# any members new or old living in morelos state?



## daniv (Nov 15, 2007)

hi there its dani here and i live in yautepec in morelos state and was wondering if there are actually any members here living in this state i live in here.
please get back to me thanks.
hugs from;
dani.


----------



## synthia (Apr 18, 2007)

Welcome to the forum! How long have you been in Mexico, and where are you from originally.


----------



## DUTCH (Mar 19, 2009)

*Make your life easier*



daniv said:


> hi there its dani here and i live in yautepec in morelos state and was wondering if there are actually any members here living in this state i live in here.
> please get back to me thanks.
> hugs from;
> dani.


Hi Dani, I hope you have find your way in Morelos, and I am sorry you felt so frustated with your entrepeneur adventure. My advice to all of you traying to start a business in Mexico is, don´t rush. 

-First you have to get to know how things work here, and what works in Morelos, does not mean it works in Merida, there are cultural differences also. 

-If you have a limited money for investment, set a goal acording with your investment capacity. start in small scale and let the business grow by itself.

-Do not pretend to spend all your money on the business, keep a financial cushion to lived while the business is developing, consider at least a year time frame. if your business survives the first year you have a better chance to succes.
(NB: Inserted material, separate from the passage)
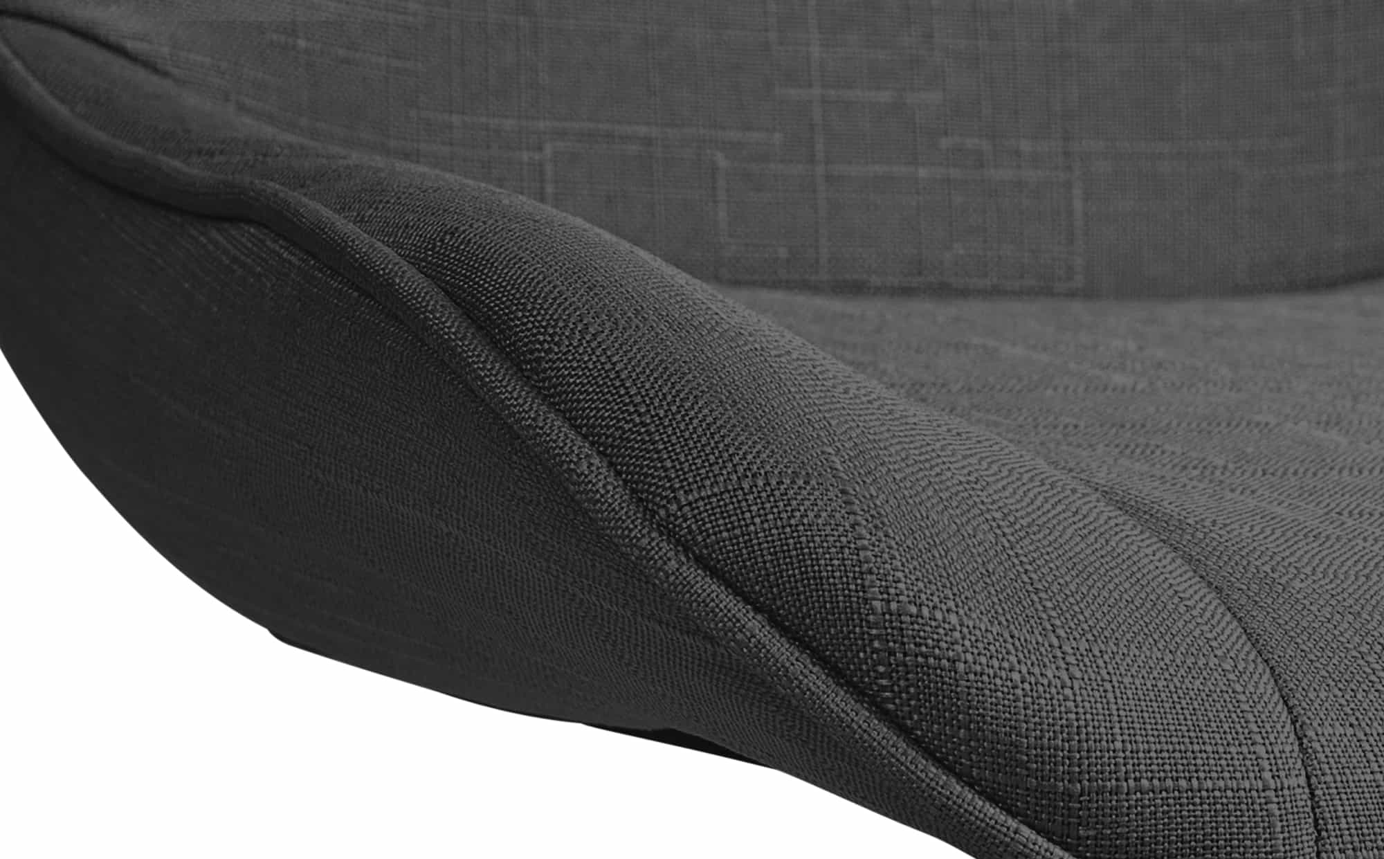 La structure en métal et le piètement en trompette garantissent stabilité et durabilité. Le repose-pieds intégré s'ajuste à la hauteur de l'assise et offre un soutien supplémentaire. Le revêtement en tissu est résistant et offre une assise confortable. Les patins de protection protègent le sol des rayures.

-If you have a trade, proffesion, skill, or hobby, USED your professional experience is 50% of the business, explore the posibilities on starting something related with.

-If don´t then my advise is to ¨shop¨around for business that are for ¨sell¨, ¨traspasos¨ is how they called. find something already stablish, make sure theres is no tricks behind and cut a deal. Once you are in charge, give the business a new face lift, and your personal touch. that will give customers a fresh signal, and encourage them to rediscover your service.

We own a shop (Clothing Boutique ) in Merida, since 2007, and now we are starting a second business. We have 20 years of Business Consulting experience, but becomen a entrepeneur is a different story.

We wish you all a great success.
Greettings from Merida


----------